I compare the models based on F1 score and accuracy. F1 score provides a balance between precision and recall outputs of the model. Accuracy is easy to understand as it's a ratio of correctly predicted instances in the dataset.

The XGBoost model has demonstrated the best performance among all. It gave us pretty high level of F1 and accuracy on the test dataset.
The Random Forest and Logistic Regressions are also performed good. However, Random Forest showed slightly higher accuracy and majorly higher F1.
The Decision Tree didn't performed well in this project.

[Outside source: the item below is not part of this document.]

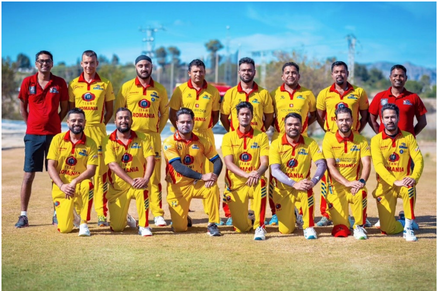
The Romania side that took part in the T10 tournament in Spain. Several played against the club.

The most valuable feature to predict the quality of wine are the same across the models:

1. alcohol;
2. sulphates;
3. total sulphur dioxide;
4. active sulphur dioxide;
5. volatile acidity;

In [28]:
#@title Comparison

models = ["Logistic Regression",
          'Decision Tree',
          'Random Forest',
          'XGBoost']

f1_scores = [f1_score(y_test, best_log.predict(X_test)),
             f1_score(y_test, best_tree.predict(X_test)),
             f1_score(y_test, best_rf.predict(X_test)),
             f1_score(y_test, best_xgb.predict(X_test))]
accuracy_scores = [accuracy_score(y_test, best_log.predict(X_test)),
                   accuracy_score(y_test, best_tree.predict(X_test)),
                   accuracy_score(y_test, best_rf.predict(X_test)),
                   accuracy_score(y_test, best_xgb.predict(X_test))]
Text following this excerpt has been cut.